(Items listed in a dataset)
----------

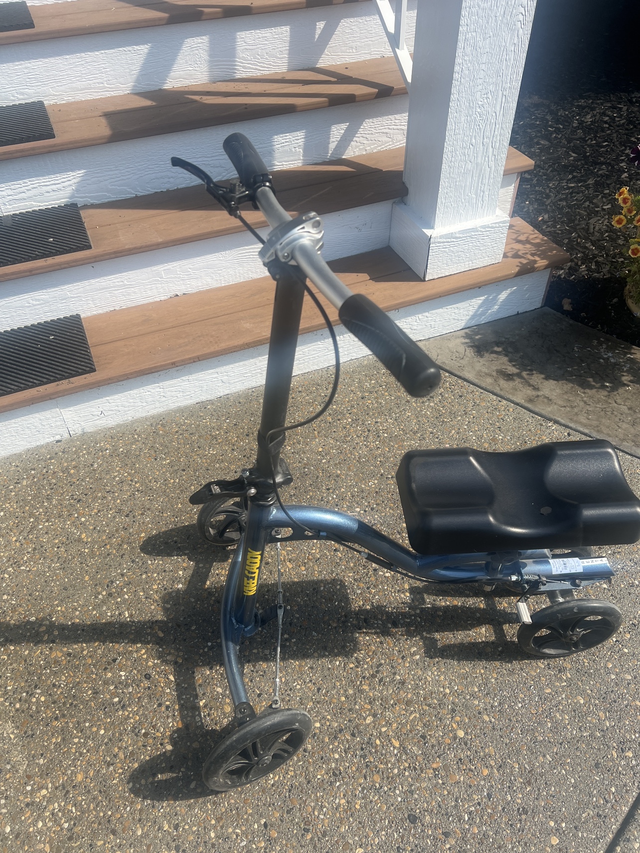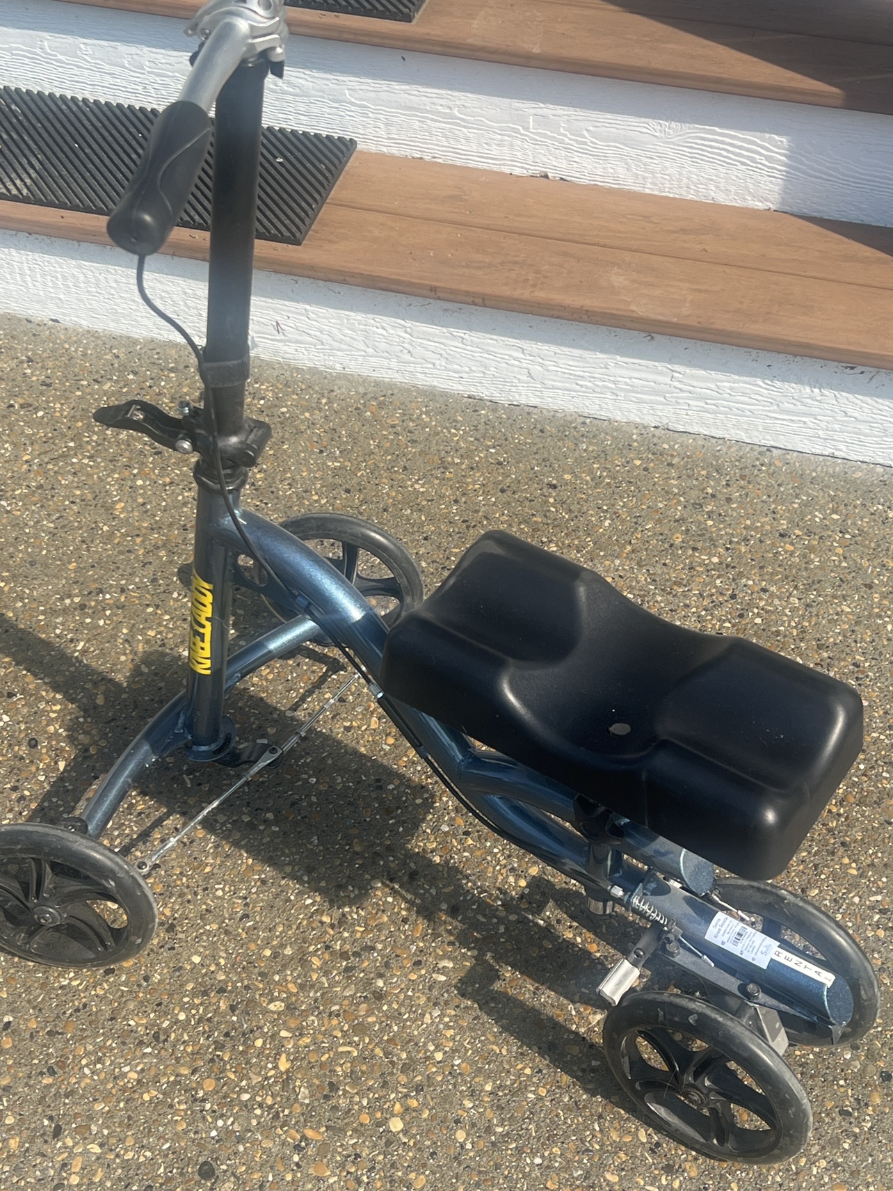This knee scooter has a padded seat. It is blue and black in colour. It folds for storage and transportation.
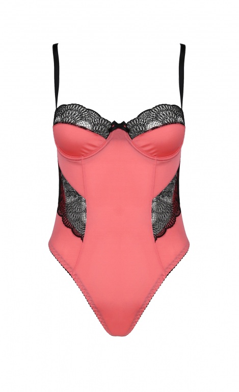 Элегантное боди Rosalie с чашечками на косточках и эффектом растягивания, великолепного розового оттенка и довольно контрастных деталей черного кружева, которое придает ему оригинальности. Благодаря регулируемым бретелькам, каждая женщина сможет идеально подобрать для своей фигуры нужный размер.
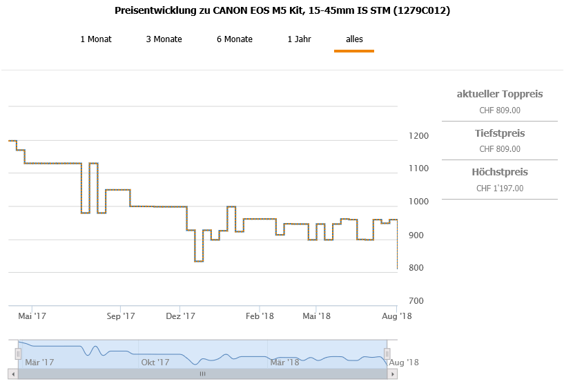 Brack hat gerade die CANON EOS M5 im Kit mit 15-45mm IS STM Objektiv in Aktion für 809.- CHF.
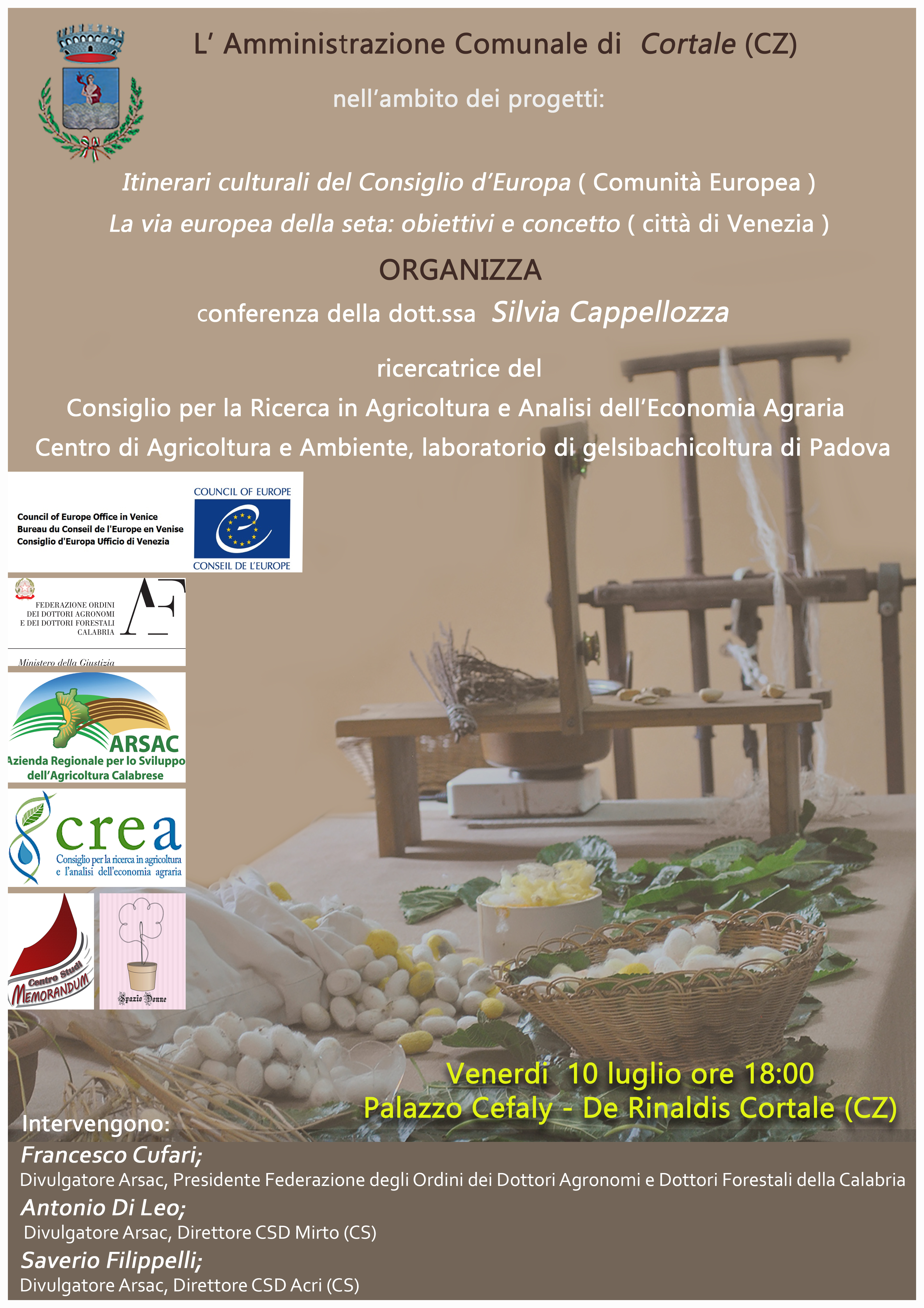 Il 10 luglio, Silvia Cappellozza, ricercatrice del CREA Agricoltura e Ambiente, terrà la conferenza sulla Gelsibachicoltura in Calabria, organizzata a Cortale (CZ), nell'ambito dei progetti "Itinerari culturali del Consiglio d'Europa" e "La via europea della Seta".
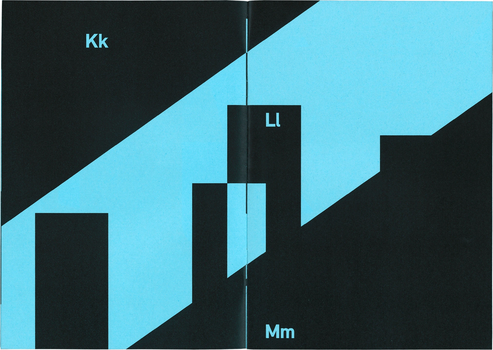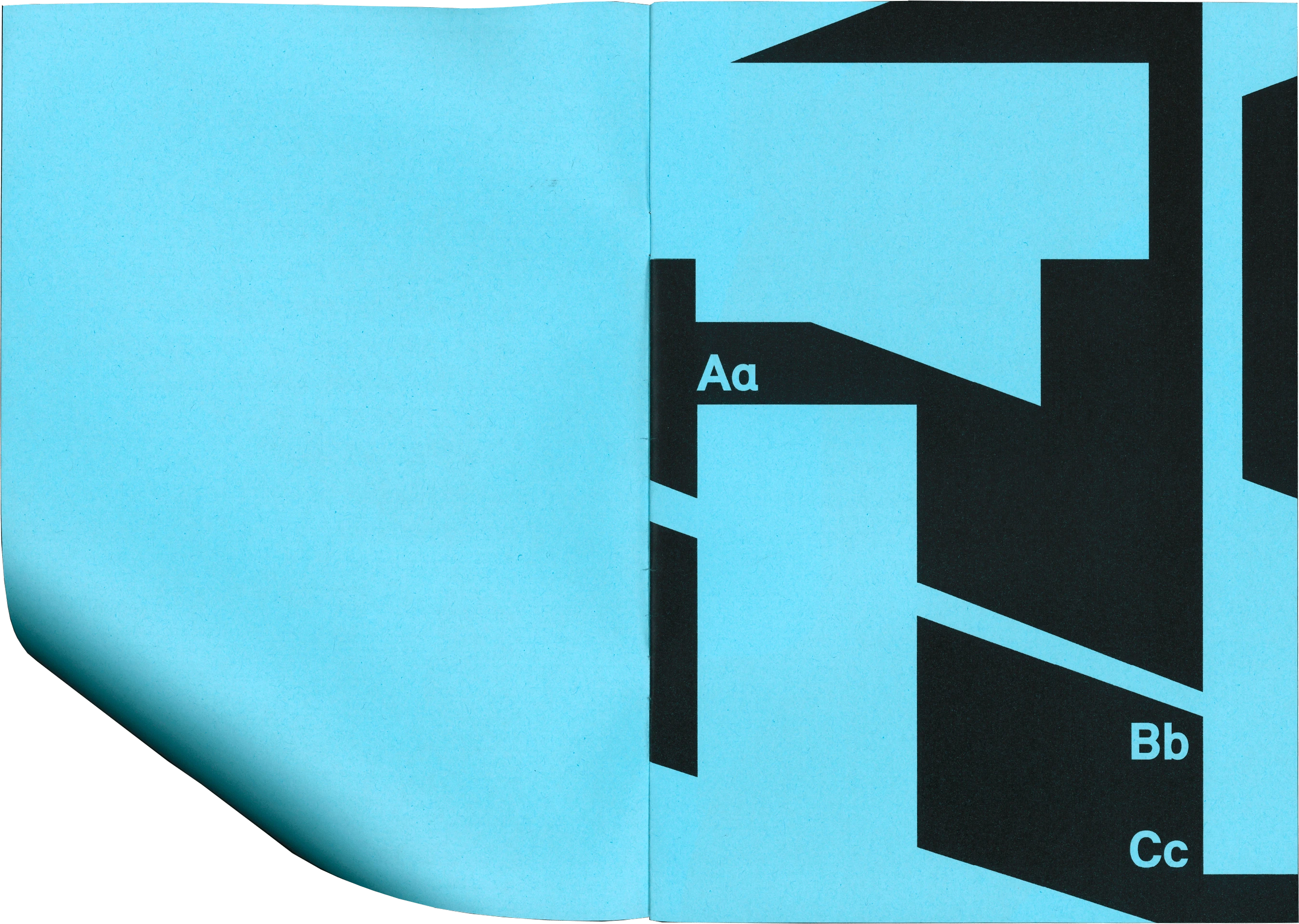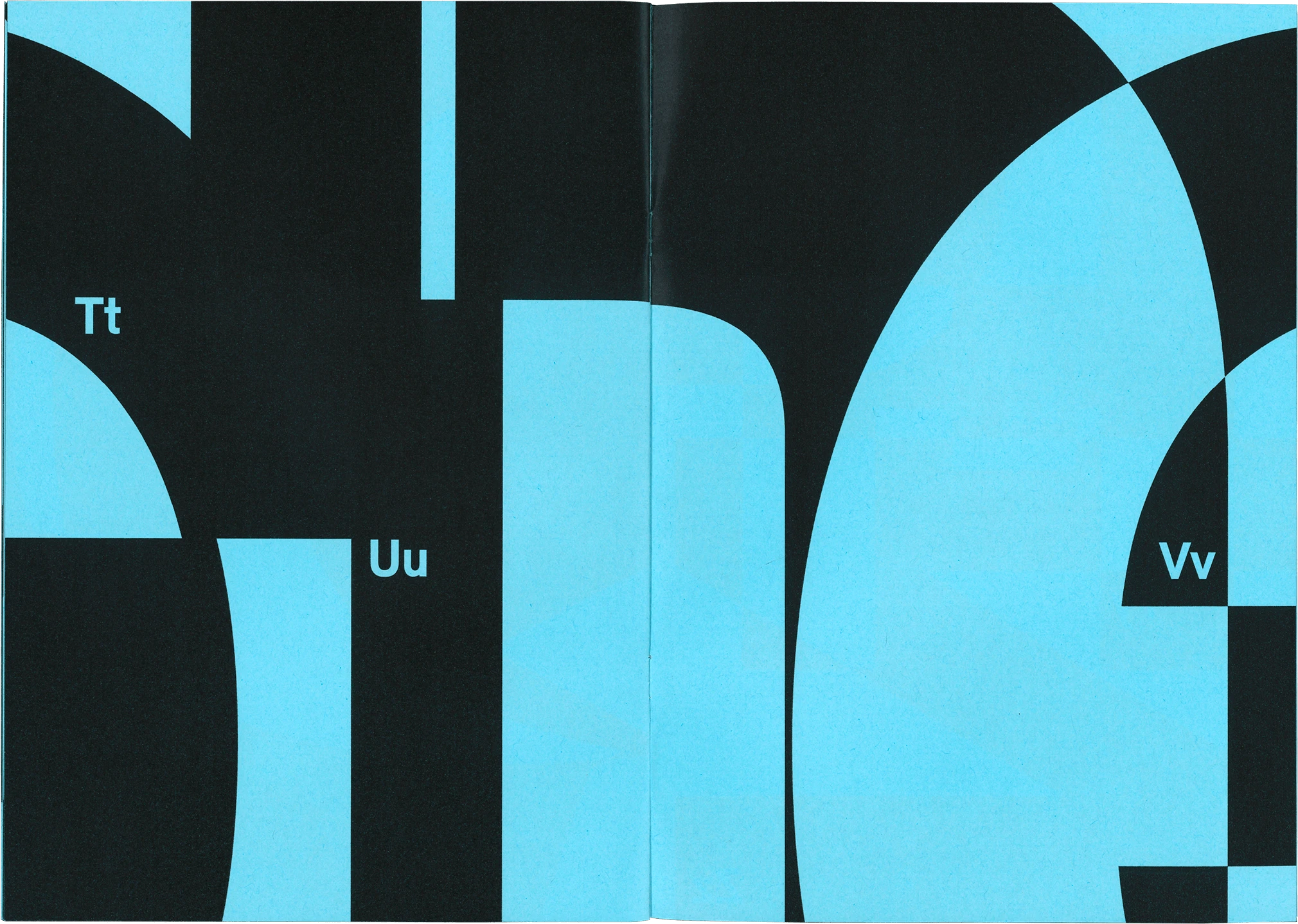 Die Schrift Relevant steht im Fokus des Type Specimens, der die Formen und Eigenheiten der Schrift vergrößert und überschneidend darstellt. Dabei liegt der Schwerpunkt auf den abstrakten Formen und Konturen der Buchstaben.
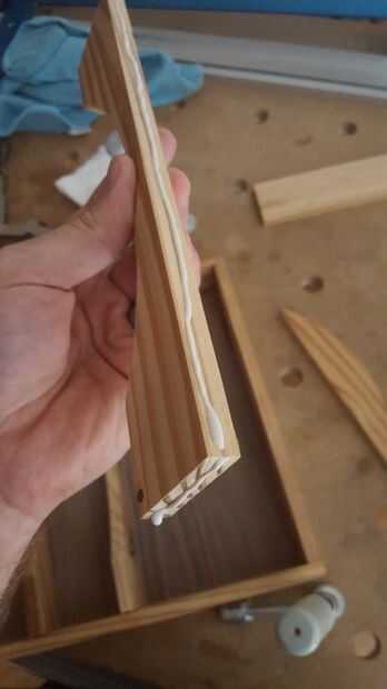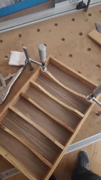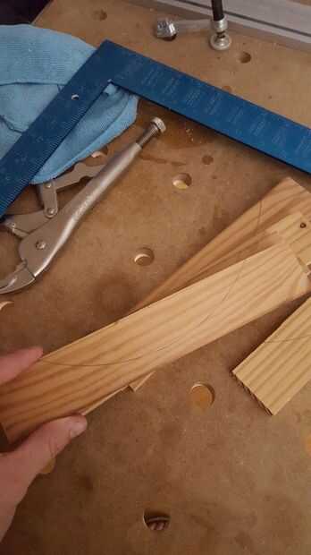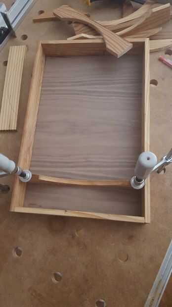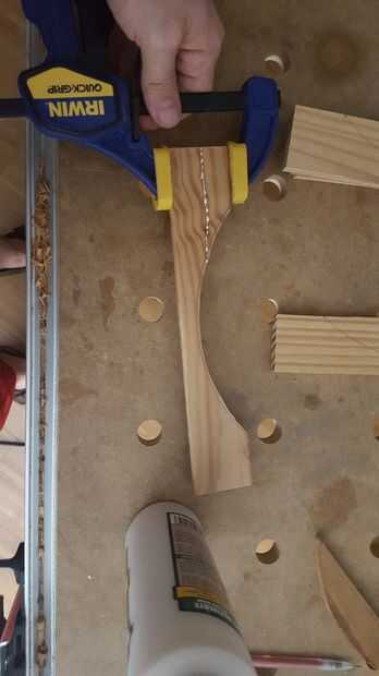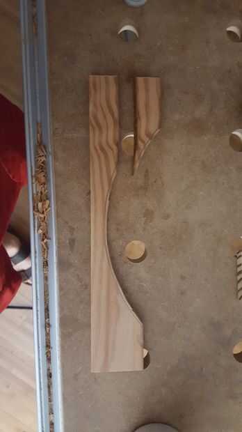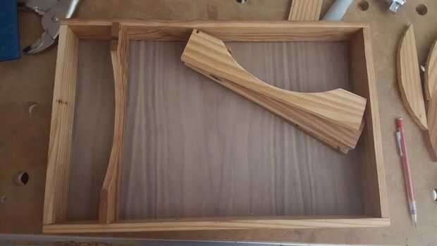 Marcar el stock a la profundidad de la estructura y corte a la longitud. Luego utiliza un plato para marcar una curva en los divisores y utiliza la Sierra de marquetería para cortar la curva. Uno de los divisores partirse mientras se está cortando, pero era una rotura limpia y fácilmente podría ser pegado juntos. Luego lija en la curva y había pegado los divisores en el lugar.
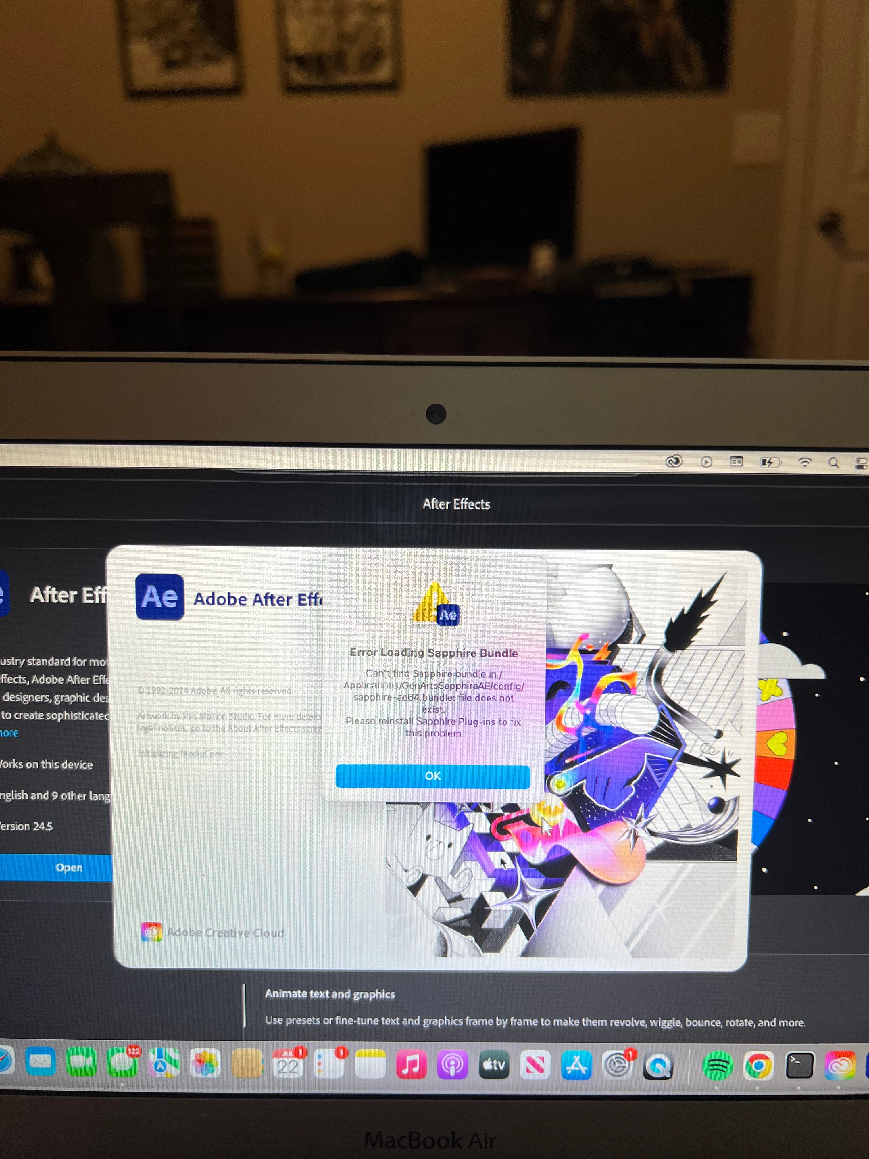 RRaegan387524138johParticipantForum|Forum|1 year agoJuly 23, 2024QuestionI just got after effects and when I was trying to open it this popped up. Please help!Forum|Forum|1 year agoJuly 23, 20242 replies249 views Error or problem
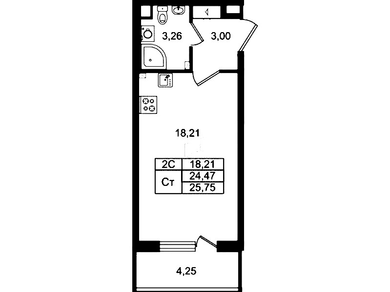 - Площадь24,47 м2
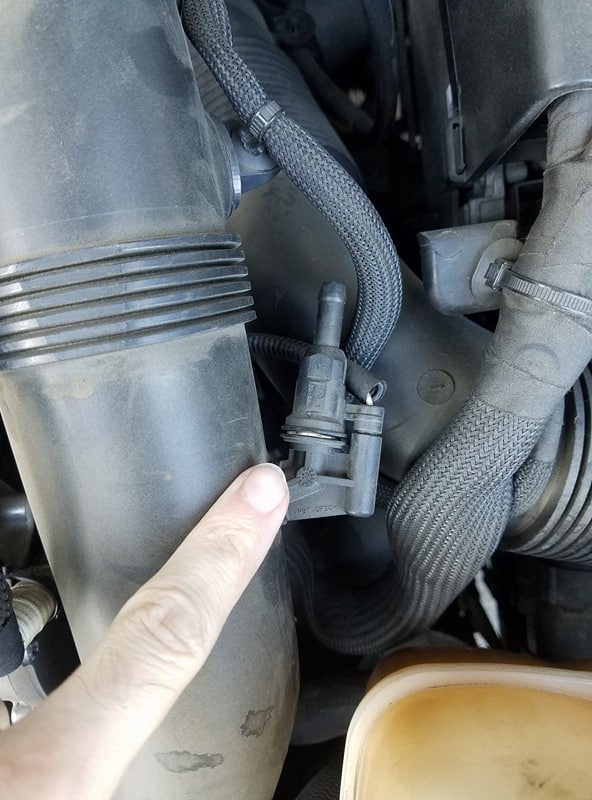 First is what looks to maybe be a vacuum hose coming off of the sensor on one of the hoses coming off of the airbox. I have two questions regarding this. What is the sensor called, and where does the other end of the line go?

----------

Copy, word for word, the entries above from the first line to the line that holds "Элегантное боди Rosalie". Drop the pictures.

This knee scooter has a padded seat. It is blue and black in colour. It folds for storage and transportation.
 Элегантное боди Rosalie с чашечками на косточках и эффектом растягивания, великолепного розового оттенка и довольно контрастных деталей черного кружева, которое придает ему оригинальности. Благодаря регулируемым бретелькам, каждая женщина сможет идеально подобрать для своей фигуры нужный размер.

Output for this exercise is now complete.